Rachel Hunter's on-screen career dates back to the late 1980s, and crosses over between modelling, acting and presenting. Over the years she has been a successful international model, talent show judge, ballroom dancing contestant and travel presenter; she has also taken on dozens of acting roles, and hosted her own show about beauty in different cultures.

Hunter made her screen debut in 1986 as an extra in a Vidal Sassoon commercial, which featured Duran Duran singer Simon Le Bon helming his yacht Drum. The ad was filmed while he competed in the Whitbread Round The World Race. The same year she was a model at the Benson & Hedges Fashion Awards.

Thanks to ongoing fashion work, Hunter was soon spotted by the prestigious Ford modeling agency in New York. In 1987 she appeared on the covers of the German and American editions of Vogue. She was soon gracing the pages of ElleHarper’s Bazaar, Rolling Stone and Sports Illustrated.

Hunter made her mark with New Zealand television audiences via a Tip Top Trumpet commercial, co-starring with a carload of happy young things in a VW convertible accompanied by a catchy Hammond Gamble jingle — "you can’t beat a trumpet". 

Internationally her fame was growing, and in 1989 she headlined in a Sports Illustrated body sculpting video. At 21, Hunter, now one of an elite few tagged as a supermodel, married music legend Rod Stewart.

Our Rachel — or "our girl from Glenfield" — as she was known in Aotearoa during her meteoric rise to supermodel status, began appearing on American television from 1989. She appeared on a myriad of talk shows (David Letterman, Jay Leno, Graham Norton) and awards shows, including co-hosting Ford Supermodel of the World in 1993. The previous year, she cameoed as herself on Shortland Street.

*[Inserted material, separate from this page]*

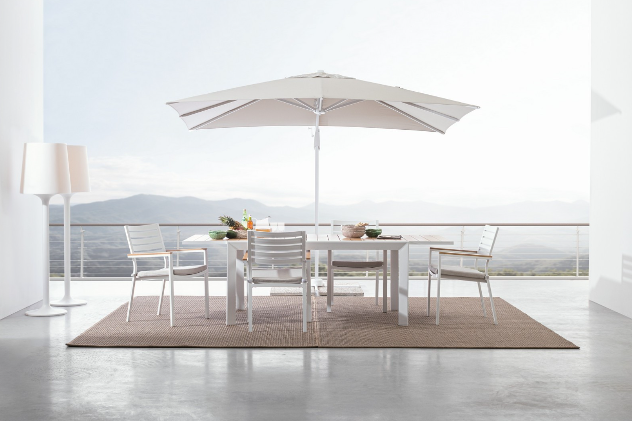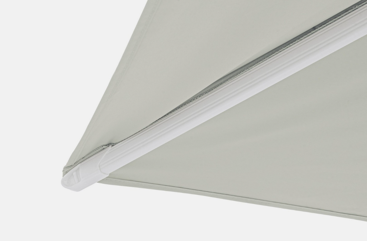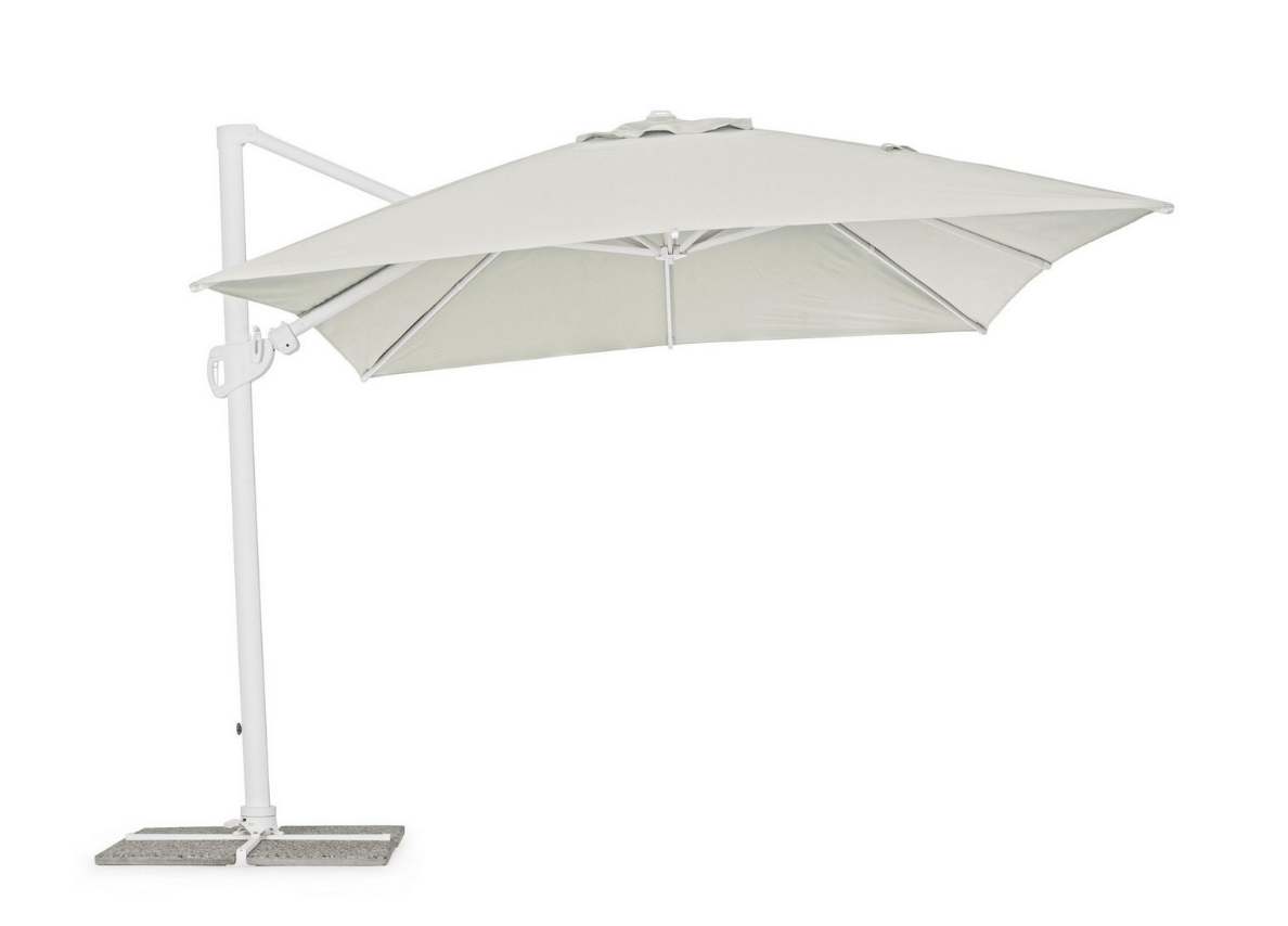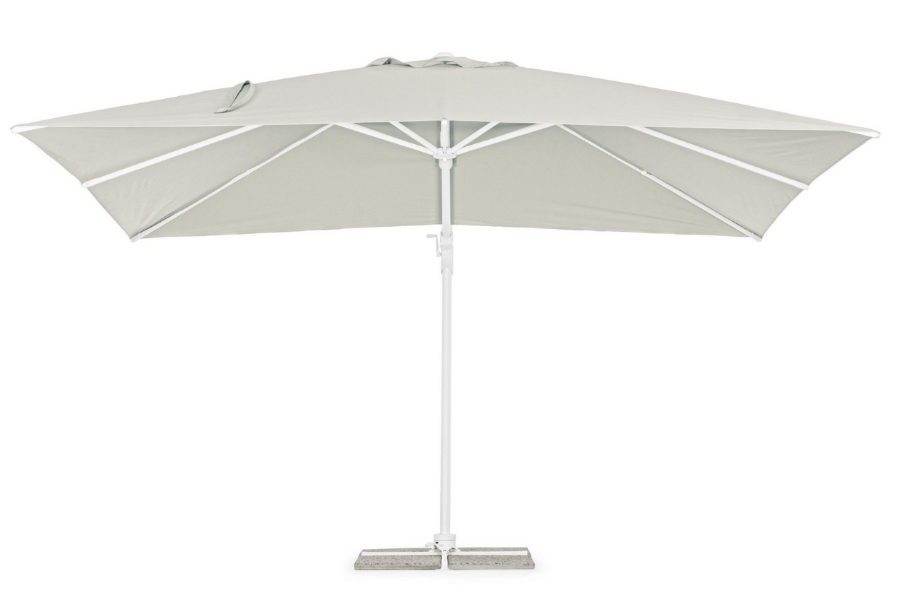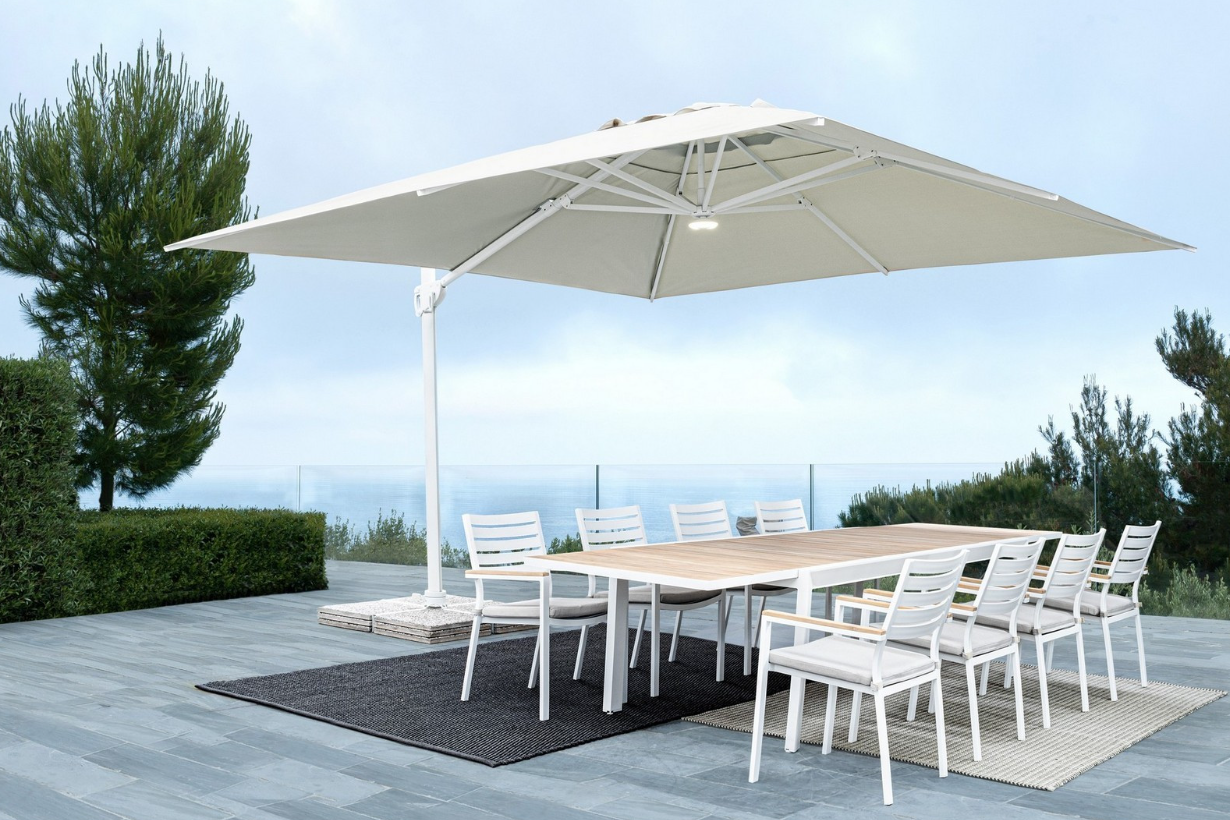 Parasol boczny Eden w wariancie T to połączenie wakacyjnej estetyki z najwyższą funkcjonalnością techniczną. Model ten zachwyca jasną, lekką kolorystyką: solidny stelaż aluminiowy w kolorze białym tworzy harmonijny duet z czaszą w odcieniu beżowym. Taki design idealnie sprawdza się w aranżacjach inspirowanych stylem hamptons czy śródziemnomorskim, wprowadzając na taras atmosferę relaksu.

In the mid 90s Hunter began landing small TV roles on Mad about You and The Drew Carey Show. After making her movie debut with a cameo as a waitress in comedy Just A Little Harmless Sex, she co-starred in two films the following year; she was the author of a steamy novel in Two Shades of Blue (the first of many thriller roles), and one of a trio of friends in indie relationship drama Winding Roads

Art copied real life in 2001, when she had a small role as the wife of a 1980s musician in Mark Wahlberg movie Rock Star. The film, she said, reflected "what was going on then, with great humour and style". In 2003 Hunter featured as the out-of-reach crush of a schoolboy in the video for Fountains of Wayne song 'Stacy’s Mom' ("Stacy’s Mom has got it going on".) Hunter went on to cameo in the 2004 Christmas special of British hit The Vicar of Dibley, and hosted reality shows Make Me a Supermodel and Style Me with Rachel Hunter.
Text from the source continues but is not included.